Now we change the position of the fixed 1 to the next spot:

00000 00011
00000 00110
00000 01010
...
10000 00010
There are nine more of these patterns. However, notice that the pattern 00000 00011 has repeated.

And we can continue to shift the fixed 1 in all the 10 bit positions.
So we get 10 X 9 = 90 possible variations. But each pattern has occurred twice, so we get 90 / 2 distinct outcomes = 45. So, now the proability of getting 2 heads in a series of 10 tosses is 45 / 1024 which is a 4-fold increase in the probability.

We continue to do this kind of counting and getting the possible outcomes for each condition - 3 heads, 4 heads, 5 heads ...

OK - so we are now in a position to define the random variable:
Let us represent by "X" the specific outcome like 4 heads or 7 heads etc. What this means is that X can take values from 0 to 10. So if X has the value 7, it means that we are talking about the outcome of getting 7 heads in a series of 10 tosses.

Because X can take on differnt values (all the way from 0 to 10), we call it a variable and it can be plotted on a graph. We plot X on the horizontal (or x-)axis.

Then what can we plot on the y-axis? The probability values.

For a series of 10 tosses, the values for the probabilities work out to:
X=0 P=0.00097
X=1 P=0.0097
X=2 P=0.043
X=3 P=0.17
X=4 P=0.20
X=5 P=0.24
X=6 P=0.20
X=7 P=0.17
X=8 P=0.043
X=9 P=0.0097
X=10P=0.00097

If you plot these values on a graph on your notebook and join the dots with a smooth curve, you will get the famous "bell-shaped" curve.

This graph is called the probablity distribution for the series of 10 tosses of a coin. The distribution is also referred to as the binomial distribution.

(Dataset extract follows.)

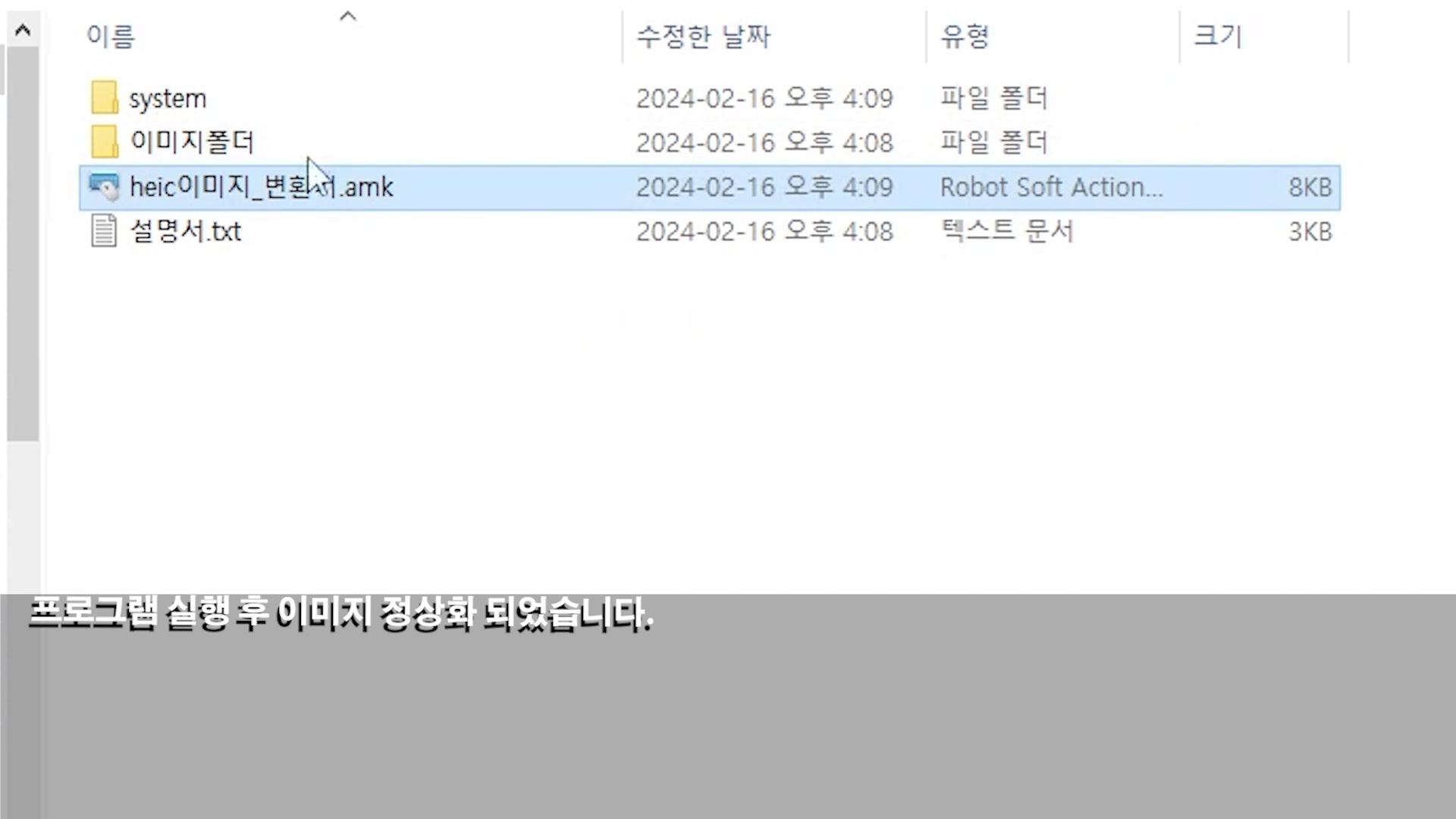 이미지문서함에 heic 사진자료를 넣기 - 자동화(exefile) 실행

A Technicality (that can be ignored)
Now, what we called X would properly be called X-10 (actually, X with subscript 10) since it related to a series of 10 tosses. We could also consider X-11 which represents a series of 11 tosses. And of course, X-1...X-10... to infinity. We can represents all these X's by a single X which represents the outcomes of any series of coin tosses. This is properly called the random variable. However, there is a probabilty distribution associated with each X-i and so what we have considered is technically correct.